You forget, as I said before, there are 50,000 other walls to bang your head against. But it’s important to acknowledge that I am a physical being, I have to tend to myself just as I would tend to a plant.
If I can take care of a plant better than myself, that’s a sign of something, right? So by getting my hands dirty and taking care of a plant, I can also remind myself that I am a living organism that needs to be nurtured. We need to nurture ourselves. Right now, mental health is everywhere. It’s an issue that many people still have a hard time talking about, because it’s a stigma around, ‘yeah I don’t want to tell people that I’m not feeling well, because then they’ll think that I’m crazy.’ Hey, people already think I’m crazy. I’m in the cosmos with all the colours of space and fruits and demons. I can say that I have had struggles with like, when you feel you don’t have any more energy mentally, and sometimes everything just spins too fast and you’re working harder thinking that it will go away. But we have to make sure to rest, to stop for a while after every big endeavor we’ve had. Not only to analyze the situation, what we’ve been through and things, but also to let the body breathe, to let our minds breathe, it’s very important.
PSU:
Is that then part of what you feel is the significance of gardens in the game? Because whenever I plant a seed in the game, I know it’s going to be there on my next loop, and it feels like this is a moment to understand or I guess reflect on the cycle of life, how you’re planting a seed and something is going to grow from it. Is that part of the narrative significance for gardens in the game? Am I on the right track?
Cahndlerby:
If you find that is one part of the mystery for you, or if that is one part of your journey, then yes. But I do acknowledge that we would all benefit from taking care of plants, mentally.
PSU:
So much of the focus on Ultros is on natural phenomenon and nature, I wanted to then, looking outside of nature, ask you what your thoughts are on generative AI in game development. Do you think it has a place? Does its use concern you?
Cahndlerby:
I will always choose to build my dreams and bounce ideas off a curious mind that has lived, loved, and laughed rather than dig through the algorithmic waste of a soulless centrifuge.
PSU:
I love that answer. Lastly, what was your favourite part to work on for Ultros? What was your favourite thing to write?
Cahndlerby:
There’s been so, so many. Things are interesting in different ways, of course, because when you find a voice for a character, that’s interesting. When you find a poetic way to do stuff, that’s interesting.

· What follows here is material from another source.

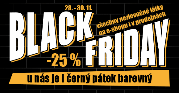 Black Friday je tady a opravdu stojí za to! Pouze do konce listopadu získáte slevu 25 % na všechny nezlevněné látky. 💥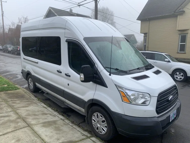 This is a custom conversion, high roof, Ford Transit conversion, completed in 2021. It is built out with a welded metal and bent aluminum, bamboo finishes. The space is incredibly versatile, easy to use, and beautiful and comfortable for long distance travel and camping. There's Tons of storage inside to hold every piece of travel gear that you may want to bring, with room to spare. It's designed to be stealth camper when needed, with total blackout shade protection. It has snow tires and has high clearance, so it can handle relatively rough roads. It's got a stove, sink, fridge, swivel seat, curtains, a fan, dining table, two stools, a queen bed with memory foam mattress, an awesome thermostatically controlled heat system, 110V outlets, USB ports, night lights, art lights, and much more. What's includedIt comes with kitchenware, fresh linens, a blanket, pillows, a fresh tank of propane, 10 gallons of fresh water, and camping chairs. RecommendationsSince there's a 3 week minimum rental period, I'm expecting that the renters will use this van for a long haul trip, likely to the desert Southwest in Utah, or another warm location. Other things to notePets welcome!

But there’s one character that I had to like, invent alien words for, to put them into sentences to give a feeling that it’s from a totally different place than the others. And that was very interesting because I wanted the words to actually have some bearing in reality. So I have a few languages mixed up in words where I know exactly what the word means, and I see the logic behind it. It was fun to dive into, because what is fairy tale and what is reality, right? Reality can be so much more than we think.
And sometimes when you invent something that has a bearing in what people call reality, that can also be a bit of a magical situation. So it was very nice intellectually and creatively to work on those parts to feel like, yeah this is artistic, but some people would also say you’re really smart. [Laughs].
PSU:
Thank you for your time today, Pelle, I truly appreciate it and it was wonderful to talk to you.